One of the most famous incidents occurred in 2022 but it became so common that Ukraine established a program called “I Want to Live” that used drones to facilitate surrenders. Ukraine’s armed forces released video instructions about how to surrender to a drone. Russian soldiers could text ahead of time, make an appointment to flee the frontline, wait for a Ukrainian drone, and follow it out of combat with their hands in the air. It’s possible the world will see similar footage in the future, but the drones will be on the ground instead.

The War in Ukraine has ground on for years now and become a war of attrition and inches. The loss of life on both sides is devastating and the proliferation of flying drones has created vast no-man’s lands between Russian and Ukrainian positions. Despite Zelenskyy’s praise of Ukraine’s robotics industry, it’s unclear if embracing UGV as a replacement for infantry will change that reality.

But the world is watching and taking notes. The Pentagon is working on its own ground drones, some of them controlled by AI systems. The U.S. Army is testing one system, called the ULTRA, in Vaziani, Georgia near the country’s border with Russia. Ukraine also helped the US soldiers counter Shahed drones during the recent war with Iran.

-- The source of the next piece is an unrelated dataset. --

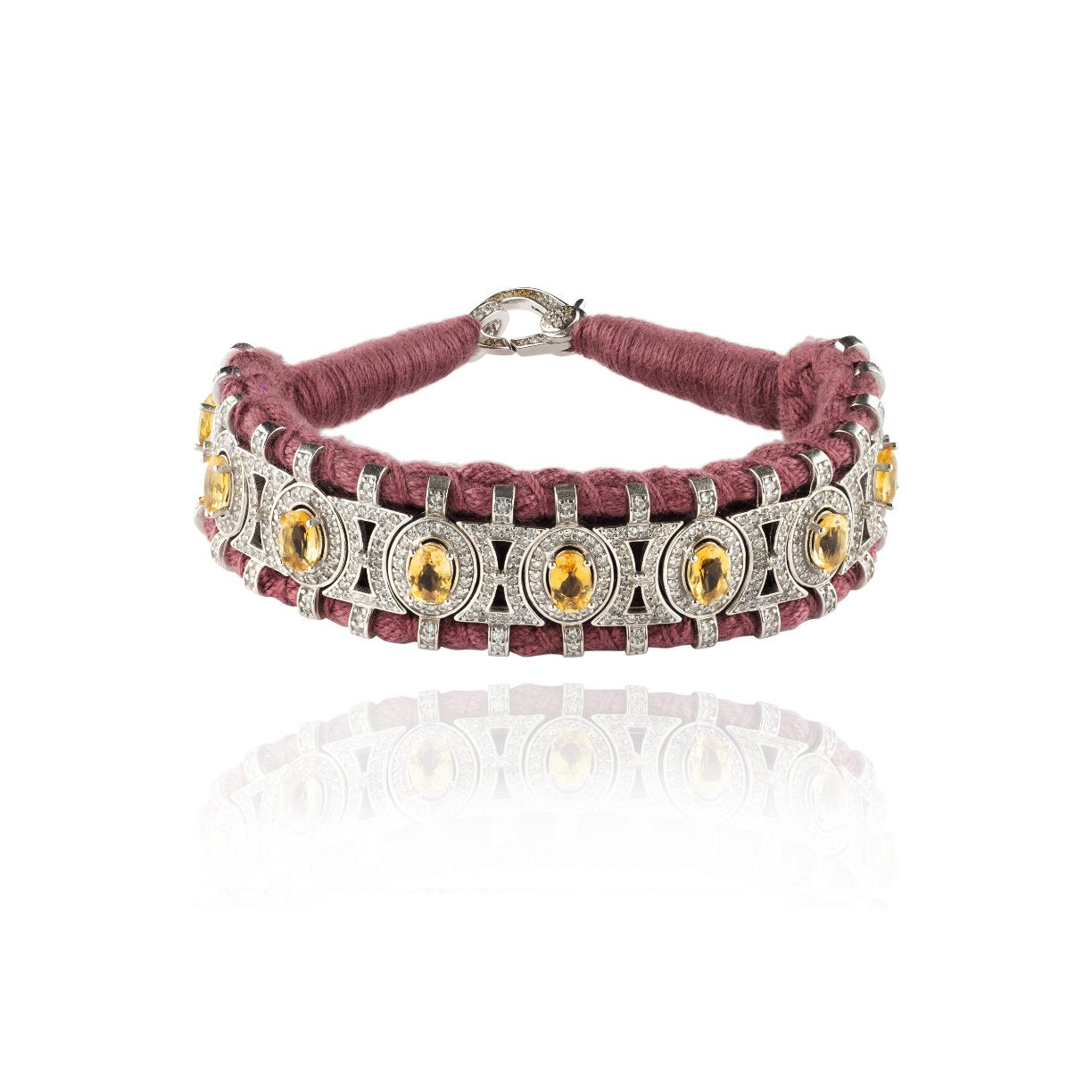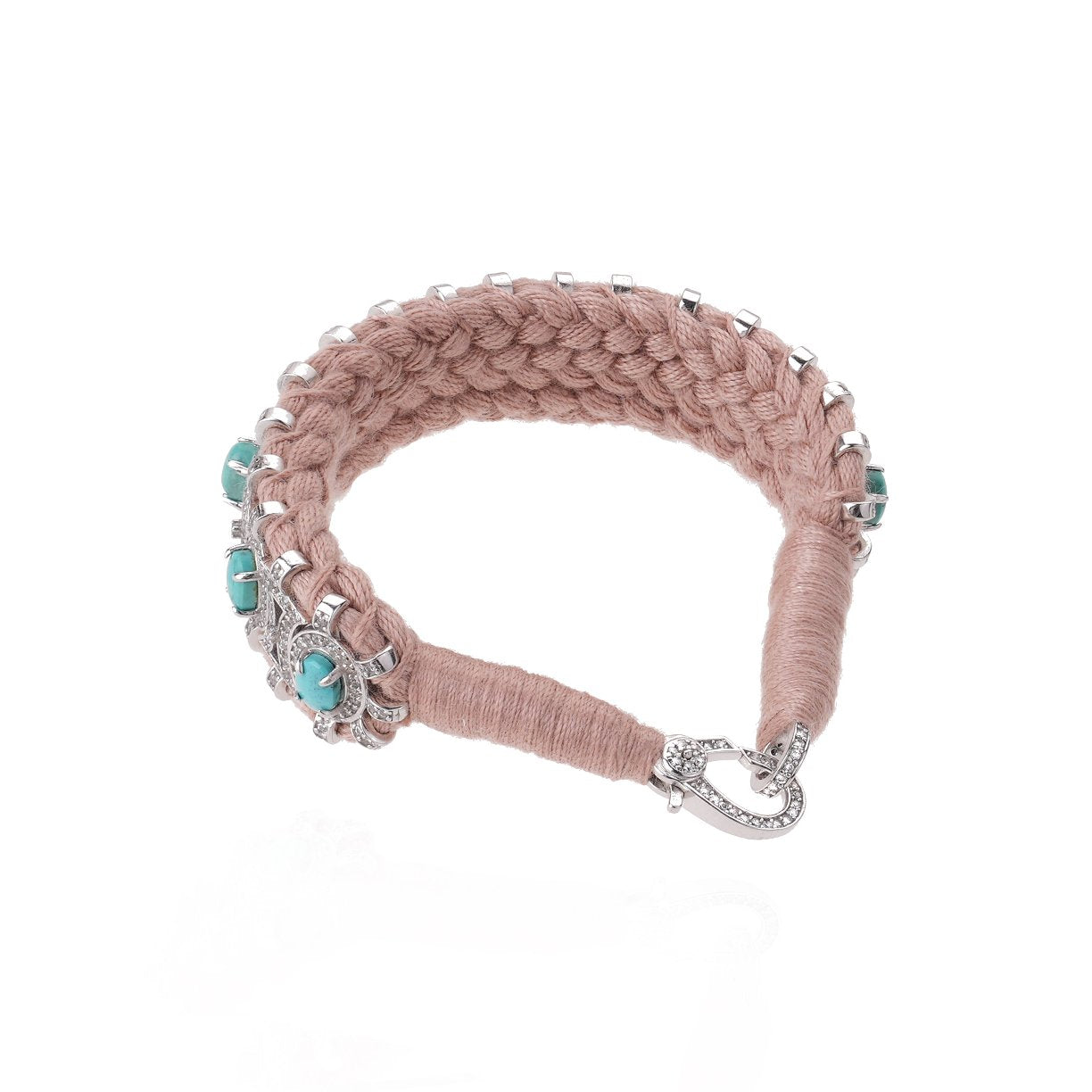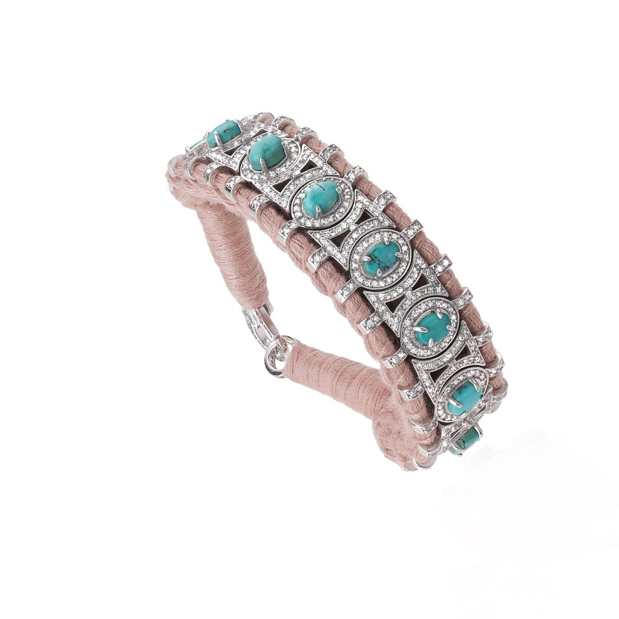 Bracelet en fil de coton tressé de couleur nude, décoré d’un motif en argent 925 et serti d’une multitude de diamants. Il est décoré de splendides turquoises véritables.

On stage, Zelenskyy’s Defense Industry Worker Day speech stressed the importance of Ukraine to Europe and the rest of the world. “We are not building new cooperation with partners on weapons the way it was done in the 1990s or early 2000s, when Ukrainian weapons and strength were sold off like a Black Friday sale,” he said. “We are not making fairs of our weapons, nor are we emptying our stockpiles. We are offering security partnerships.”